- _Collection entries_

= = = = = = =

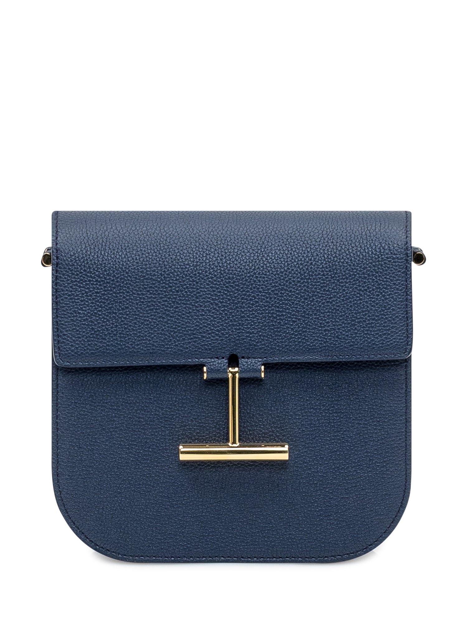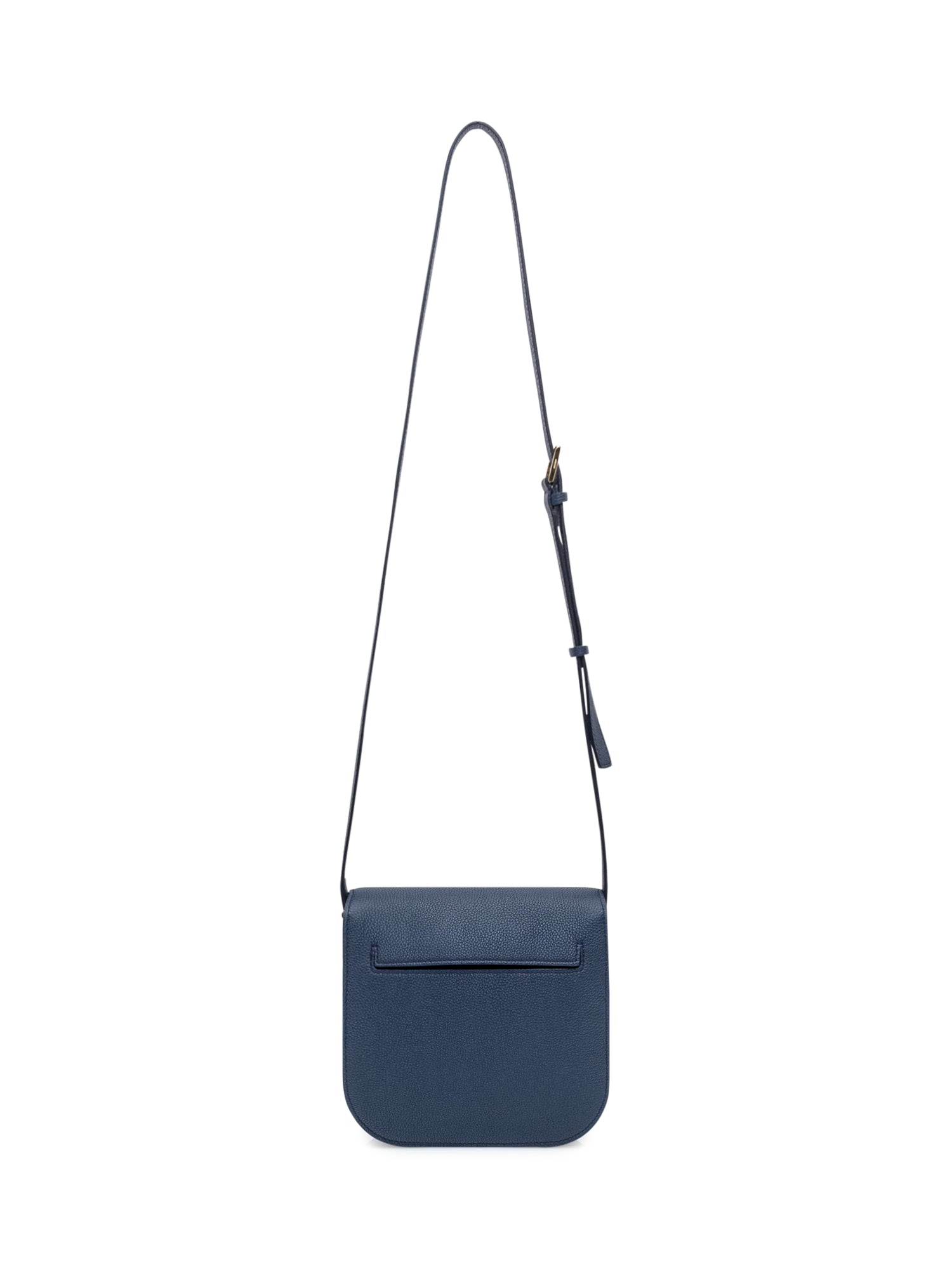 Borsa blu in pelle con trama martellata. Dettaglio Hanging T. Componenti metalliche color oro con logo inciso. Stampa interna con logobattente nella parte superiore con chiusura magnetica. Tracolla regolabile. Scomparto unico. Tasca interna con zip.
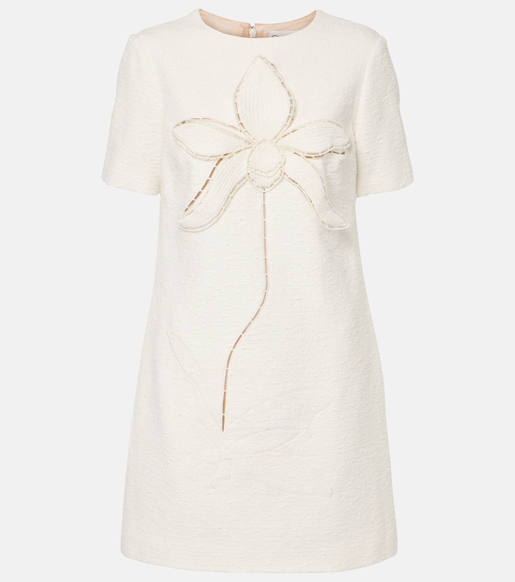 Orchid embroidered cotton tweed shift dress
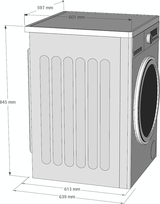 Высота сушильной машины составляет 82-85 см, благодаря чему ее можно разместить под столешницей — например, в ванной рядом с раковиной. У некоторых моделей высоту прибора можно уменьшить, сняв верхнюю крышку и заменив специальной технологической крышкой для встраивания или металлической плитой.
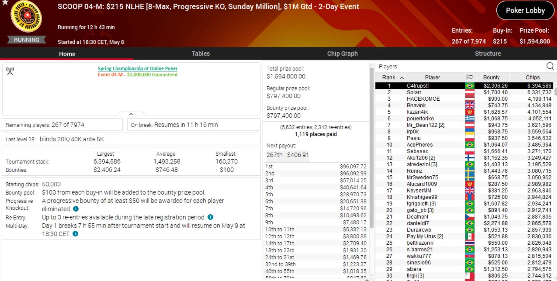 | 28. Mai | Sat | 16:30 | SCOOP 92-L: $2.20 NLHE [7-Max,][Hyper-Turbo,][PKO,][Last][Player][Standing], $20K Gtd |
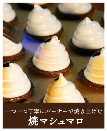 片面をチョコレートでコーティングした香ばしいグラハムクッキーで、なめらかなチョコレートが入った自家製のふわふわマシュマロをサンドしました。焼マシュマロは、一つ一つ丁寧にバーナーで焼き上げることで、食欲をそそる“ツヤ”が現れ、香ばしい香りが立ち込めます。その見た目と香ばしさに心惹かれ、思わずほおばると身も心も満たされる自慢の焼マシュマロスイーツです。
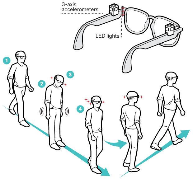 Это заставляет светодиоды на оправе очков попеременно мигать со скоростью, связанной с тем, как субъект шёл ранее. Этот визуальный ключ помогает человеку быстрее выйти из опасного состояния.
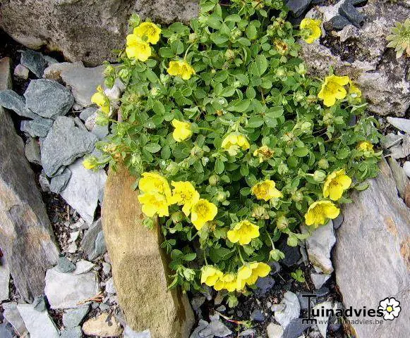 Potentilla eriocarpa is een compacte vaste plant met stugge stengels en heldergroene bladeren.
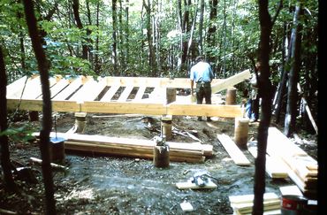 The building site is across a pond from the parking area, hence the bridge approach. The advantage of coming into a tall house in the middle is it minimizes climbing inside the house.
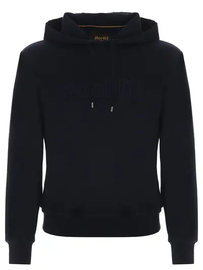 -Синее худи из мягкой шерсти от MOORER. -Полуприлегающий силуэт, длинные рукава, рельефные манжеты и пояс, капюшон на кулиске, крупный вышитый логотип на груди.
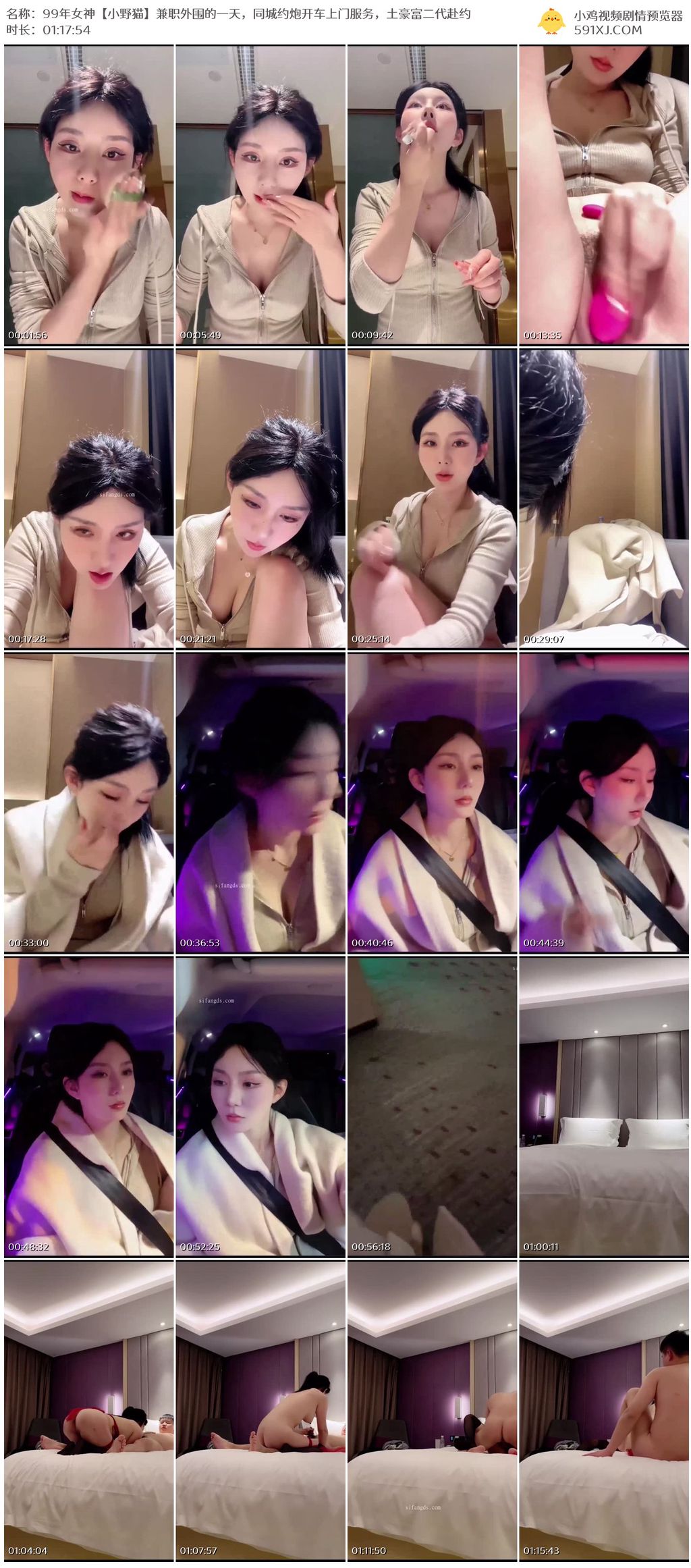 99年女神【小野猫】兼职外围的一天,同城约炮开车上门服务,土豪富二代赴约

= = = = = = =

- _EXERCISE DETAILS_
Please write out exactly the lines from the one containing "Это заставляет светодиоды" through the last line of the records above, and leave out any pictures.

- _RESULT_
 Это заставляет светодиоды на оправе очков попеременно мигать со скоростью, связанной с тем, как субъект шёл ранее. Этот визуальный ключ помогает человеку быстрее выйти из опасного состояния.
 Potentilla eriocarpa is een compacte vaste plant met stugge stengels en heldergroene bladeren.
 The building site is across a pond from the parking area, hence the bridge approach. The advantage of coming into a tall house in the middle is it minimizes climbing inside the house.
 -Синее худи из мягкой шерсти от MOORER. -Полуприлегающий силуэт, длинные рукава, рельефные манжеты и пояс, капюшон на кулиске, крупный вышитый логотип на груди.
 99年女神【小野猫】兼职外围的一天,同城约炮开车上门服务,土豪富二代赴约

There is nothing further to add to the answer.